Restate all of the entries exactly, dropping any pictures they hold.

== EXTRACTED RECORDS

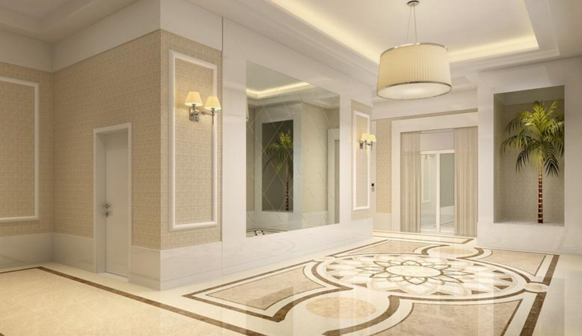
Perspectiva Ilustrada do Lobby do Ed. Salt Lake e Referência ilustrativa do Ed. Lake Tahoe
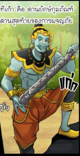
ด่านที่เก้า คือ ด่านยักษ์กุมภกัณฑ์ เป็นด่านสุดท้ายของการผจญภัย
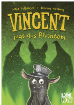
Vincent jagt das Phantom (Band 5)
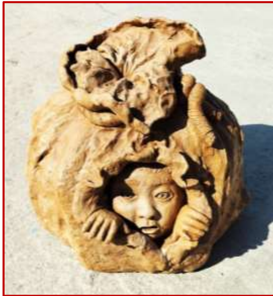
Terracotta Clay Art Worth Rs. 25k
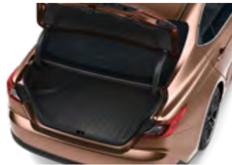
משטח הגנה לתא המטען משטח עמיד, קל לניקוי ומותאם בצורה מושלמת לרצפת תא המטען של הקאמרי לשמירה על תא מטען נקי מלכלוך.
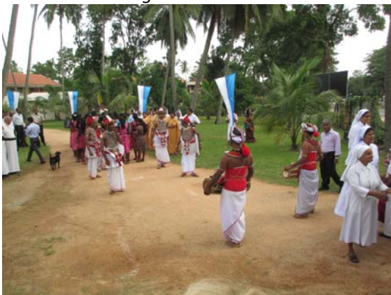
De Kandy Dancers luisteren het feest op met muziek en dans.
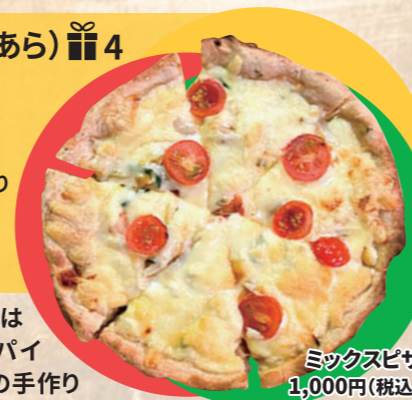
ミックスピザ 1,000円(税込)

※時間はコロナ状況により変動あり 定休日:不定休 ☆テイクアウト出来ます。 (ピザ1枚につき別途箱代50円)
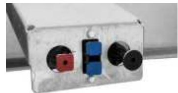
Bremssystem mit Federspeicher-Feststellbremse

====

▸ ANSWER SECTION:
Perspectiva Ilustrada do Lobby do Ed. Salt Lake e Referência ilustrativa do Ed. Lake Tahoe
ด่านที่เก้า คือ ด่านยักษ์กุมภกัณฑ์ เป็นด่านสุดท้ายของการผจญภัย
Vincent jagt das Phantom (Band 5)
Terracotta Clay Art Worth Rs. 25k
משטח הגנה לתא המטען משטח עמיד, קל לניקוי ומותאם בצורה מושלמת לרצפת תא המטען של הקאמרי לשמירה על תא מטען נקי מלכלוך.
De Kandy Dancers luisteren het feest op met muziek en dans.
ミックスピザ 1,000円(税込)

※時間はコロナ状況により変動あり 定休日:不定休 ☆テイクアウト出来ます。 (ピザ1枚につき別途箱代50円)
Bremssystem mit Federspeicher-Feststellbremse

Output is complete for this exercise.